:: TASK OBJECTIVE ::
Repeat the data exactly as given below, dropping every picture.

:: EXERCISE DATA ::
● ● ● ● ● ● ●
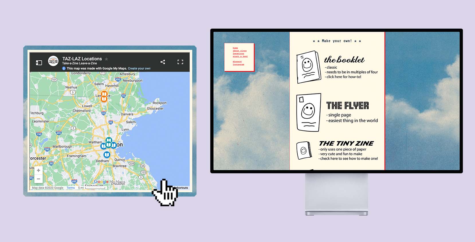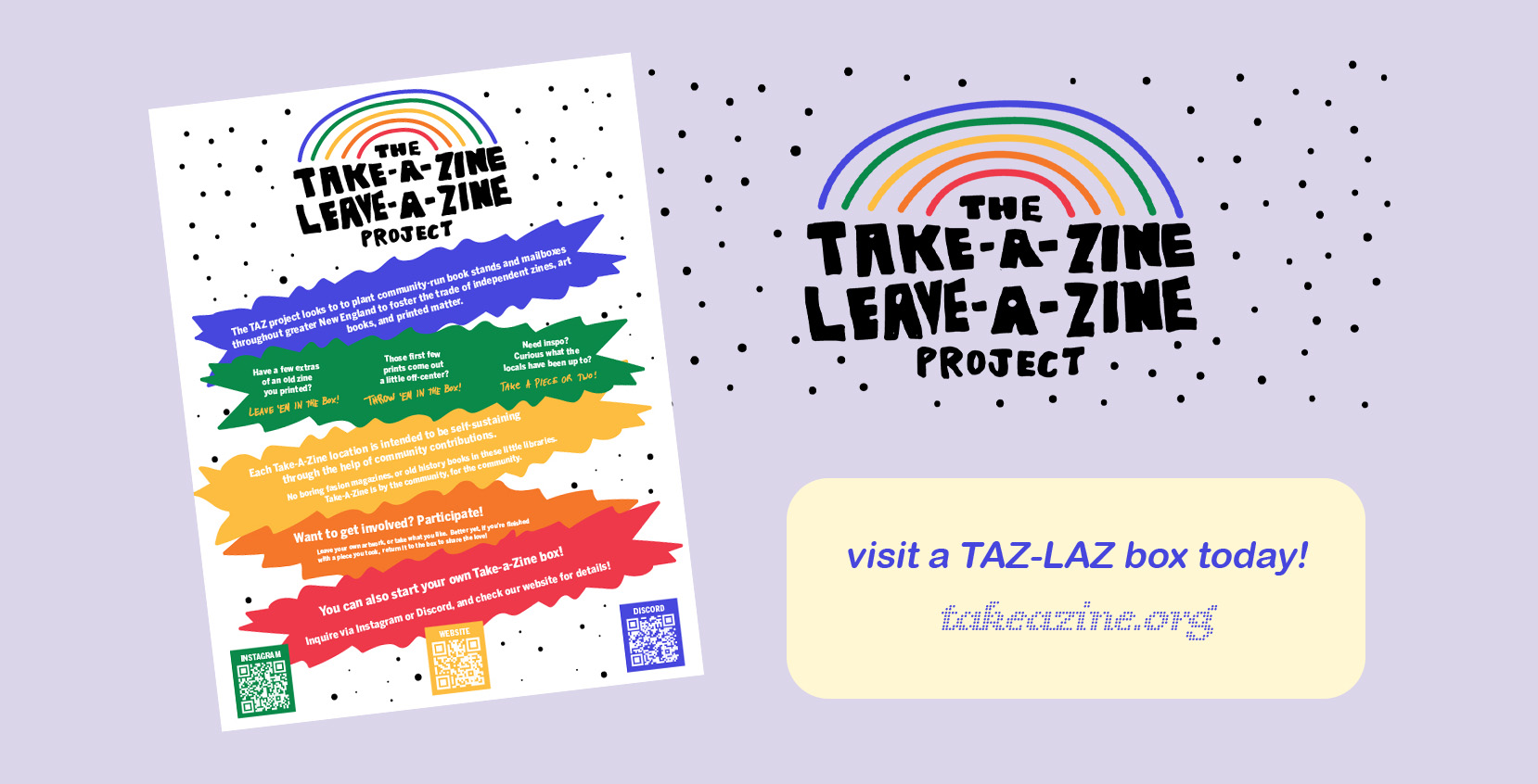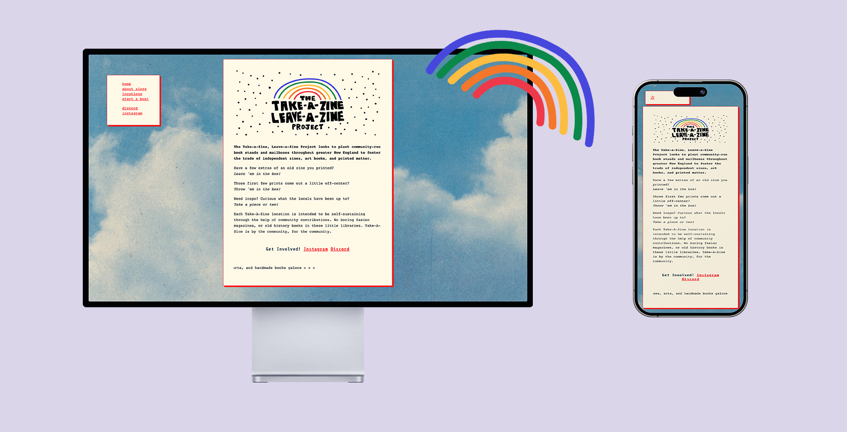 Identity & Web Design↗ for Take a Zine, Leave a Zine, a local community-run initiative that looks to plant community-run book stands and mailboxes throughout greater New England. to foster the trade of independent zines, art books, and printed matter. The goal of the redesign was to make a fun, accessible, and simple website for the community project. Coded without a web client, and hosted on Neocities.
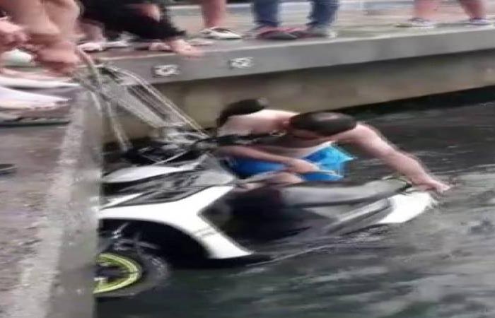 Motosikletin arkasında bulunan yolcu, kaza esnasında kendisini son anda denize düşmekten kurtardı.
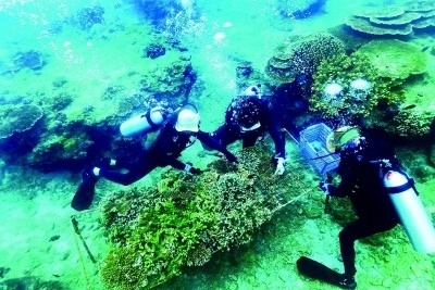 海底護林員在海南省陵水黎族自治縣分界洲島海域清理垃圾、移植珊瑚斷肢。張杰攝
● ● ● ● ● ● ●
:: OUTPUT OF THE TASK ::
 Identity & Web Design↗ for Take a Zine, Leave a Zine, a local community-run initiative that looks to plant community-run book stands and mailboxes throughout greater New England. to foster the trade of independent zines, art books, and printed matter. The goal of the redesign was to make a fun, accessible, and simple website for the community project. Coded without a web client, and hosted on Neocities.
 Motosikletin arkasında bulunan yolcu, kaza esnasında kendisini son anda denize düşmekten kurtardı.
 海底護林員在海南省陵水黎族自治縣分界洲島海域清理垃圾、移植珊瑚斷肢。張杰攝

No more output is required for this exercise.